§ SOURCE DATA

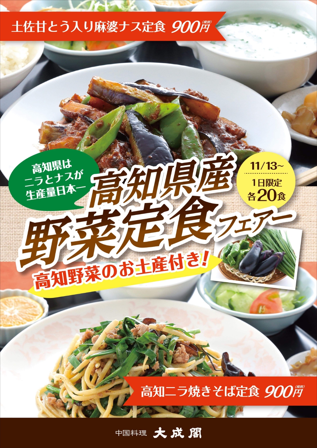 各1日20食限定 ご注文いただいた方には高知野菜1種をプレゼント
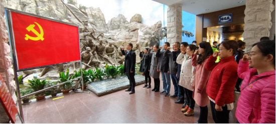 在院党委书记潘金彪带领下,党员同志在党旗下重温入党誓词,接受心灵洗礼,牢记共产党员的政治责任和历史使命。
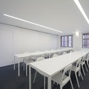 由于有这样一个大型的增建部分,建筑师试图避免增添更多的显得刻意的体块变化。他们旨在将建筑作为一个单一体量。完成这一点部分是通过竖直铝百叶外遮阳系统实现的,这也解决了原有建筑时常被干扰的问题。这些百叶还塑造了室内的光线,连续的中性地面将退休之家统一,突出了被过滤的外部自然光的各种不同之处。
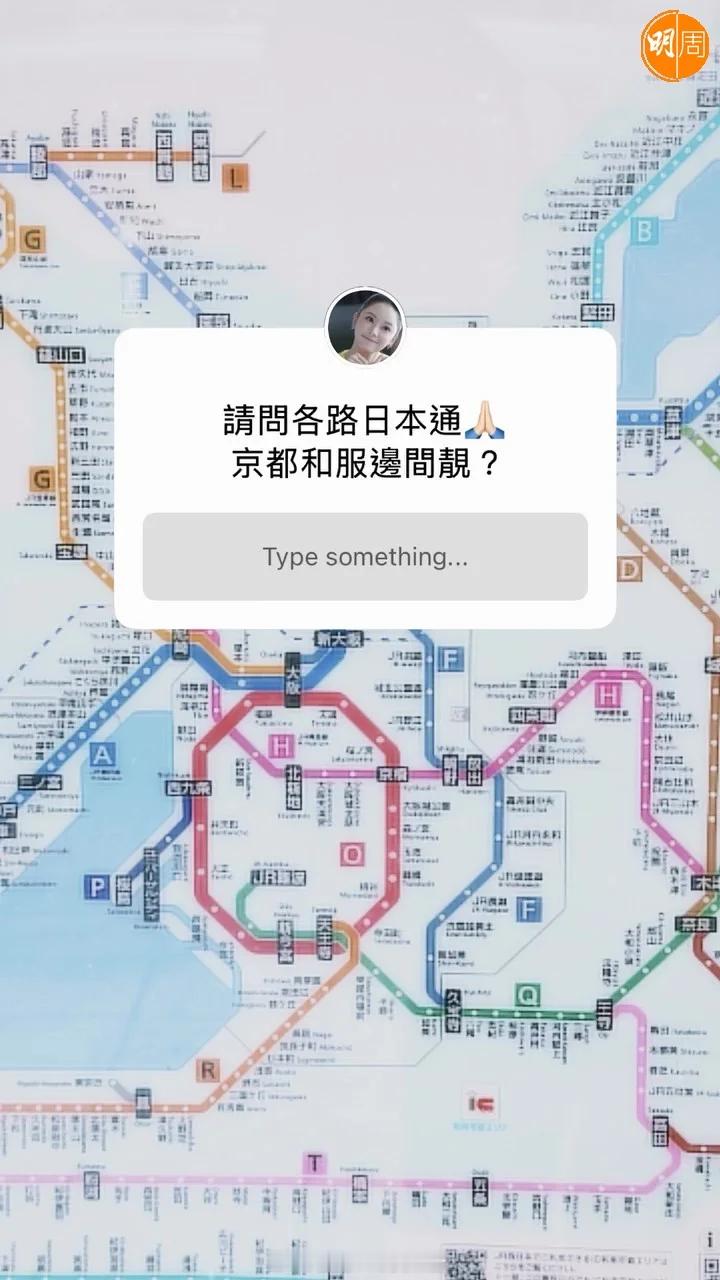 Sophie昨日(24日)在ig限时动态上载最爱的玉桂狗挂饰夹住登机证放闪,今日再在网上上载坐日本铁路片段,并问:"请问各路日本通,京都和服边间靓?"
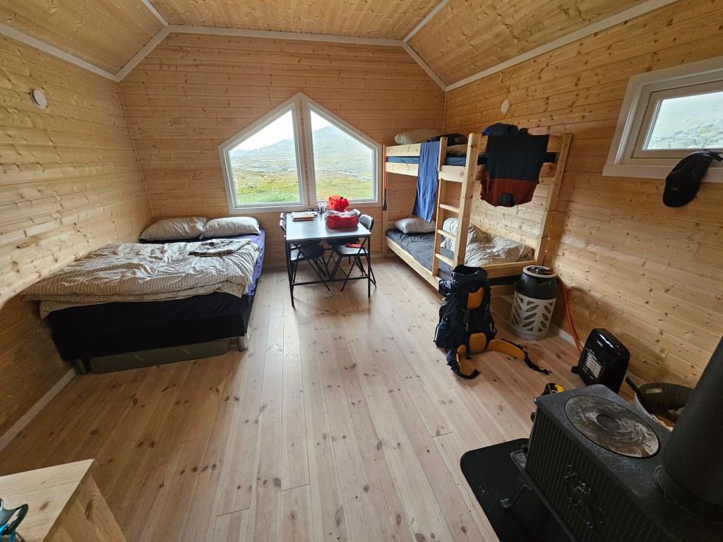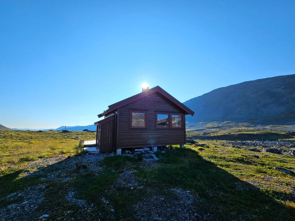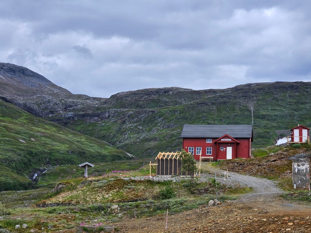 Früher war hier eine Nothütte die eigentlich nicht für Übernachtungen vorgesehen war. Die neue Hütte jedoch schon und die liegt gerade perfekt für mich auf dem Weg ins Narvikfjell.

§ EXERCISE OBJECTIVE
Begin at the line with "在院党委书记潘金彪带领下,党" and end at the last line of the data above. Reproduce those lines exactly, but not the pictures.

§ SOLUTION TO THIS PROBLEM
 在院党委书记潘金彪带领下,党员同志在党旗下重温入党誓词,接受心灵洗礼,牢记共产党员的政治责任和历史使命。
 由于有这样一个大型的增建部分,建筑师试图避免增添更多的显得刻意的体块变化。他们旨在将建筑作为一个单一体量。完成这一点部分是通过竖直铝百叶外遮阳系统实现的,这也解决了原有建筑时常被干扰的问题。这些百叶还塑造了室内的光线,连续的中性地面将退休之家统一,突出了被过滤的外部自然光的各种不同之处。
 Sophie昨日(24日)在ig限时动态上载最爱的玉桂狗挂饰夹住登机证放闪,今日再在网上上载坐日本铁路片段,并问:"请问各路日本通,京都和服边间靓?"
 Früher war hier eine Nothütte die eigentlich nicht für Übernachtungen vorgesehen war. Die neue Hütte jedoch schon und die liegt gerade perfekt für mich auf dem Weg ins Narvikfjell.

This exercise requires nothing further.